Wenn Sie mich mit dem Gedanken zum IMCG be­gleiten, dass Sie dort das Fitnesscenter vorstellen und andere dann die Arbeit erledigen, wird Ihre Ein­leitung kurz und sachlich ausfallen. Wenn ich Ih­nen jetzt aber erklärte, warum ich schon im Studi­um wusste, dass Marketing mein Leben ist. Wenn ich Ihnen von meiner ersten gescheiterten Prü­fung erzählte.« Beatrice erinnerte sich, dass sie das ganze Wochenende durchgefeiert und einfach auf die Klausur am folgenden Montag vergessen hatte. »Wenn ich Ihnen von der großen Chance berichtete, die diese Stelle als Lehrerin am Management Center für mich bedeutet.
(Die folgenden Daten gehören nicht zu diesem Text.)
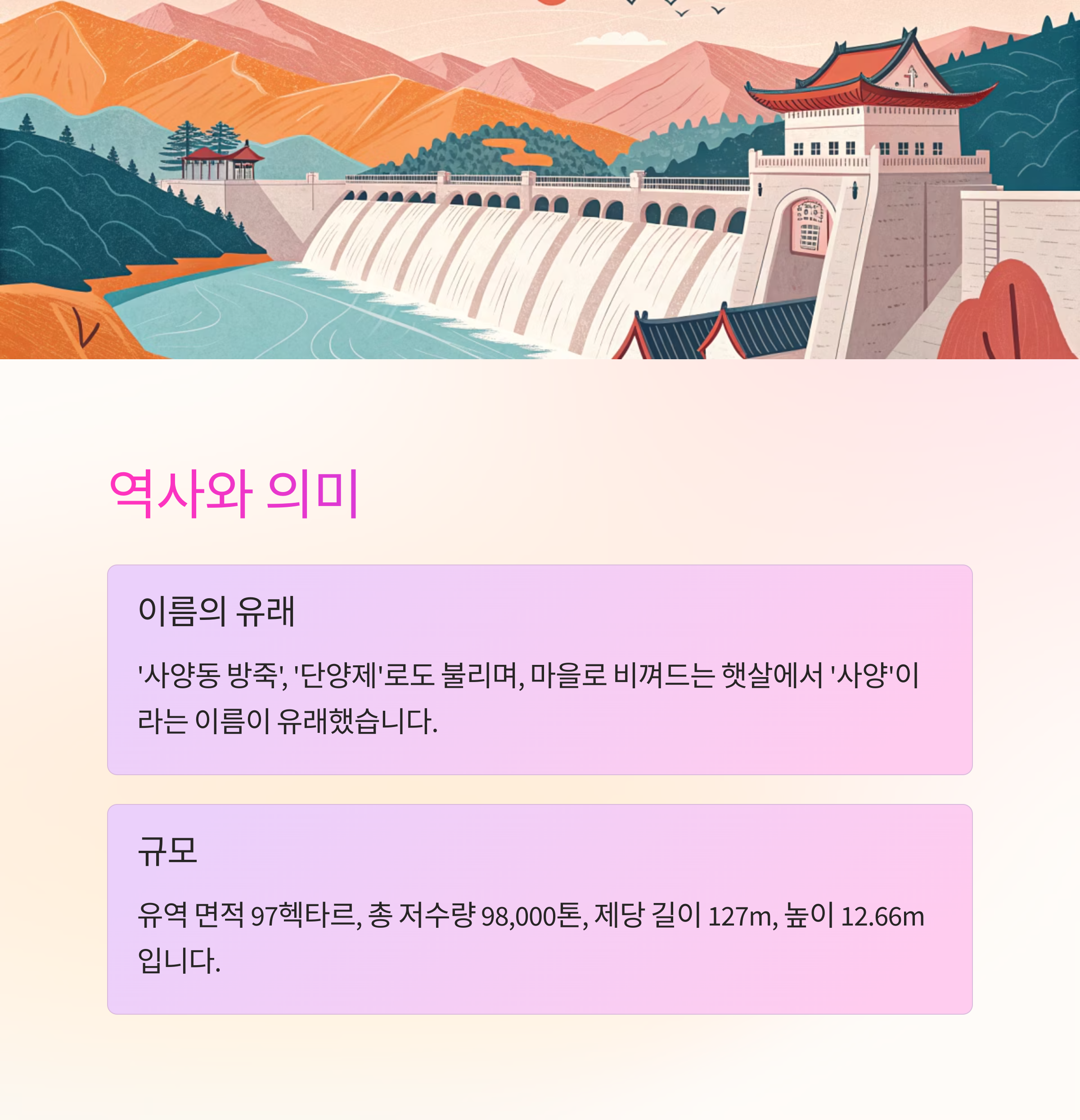 사양저수지의 역사적 의미와 규모

Wenn ich Ihnen darlegte, dass ich von einer eigenen Agentur träume, von Selbststän­digkeit und Selbstverwirklichung. Ich denke, dann werden Sie engagierter sein, weil Sie dann mehr von diesem speziellen Gefühl, das Marketing in mir aus­löst, nachempfinden können. Und vielleicht auch deshalb, weil ich dann nicht mehr fremd bin, son­dern jemand, den Sie ein klein wenig kennen. Habe ich recht?«, fragte Beatrice. Er lachte. Staunte er? Er schien jedenfalls etwas perplex.

»Ich glaube, ich verstehe, ich soll von mir erzählen. Ich weiß nicht so recht«, meinte er.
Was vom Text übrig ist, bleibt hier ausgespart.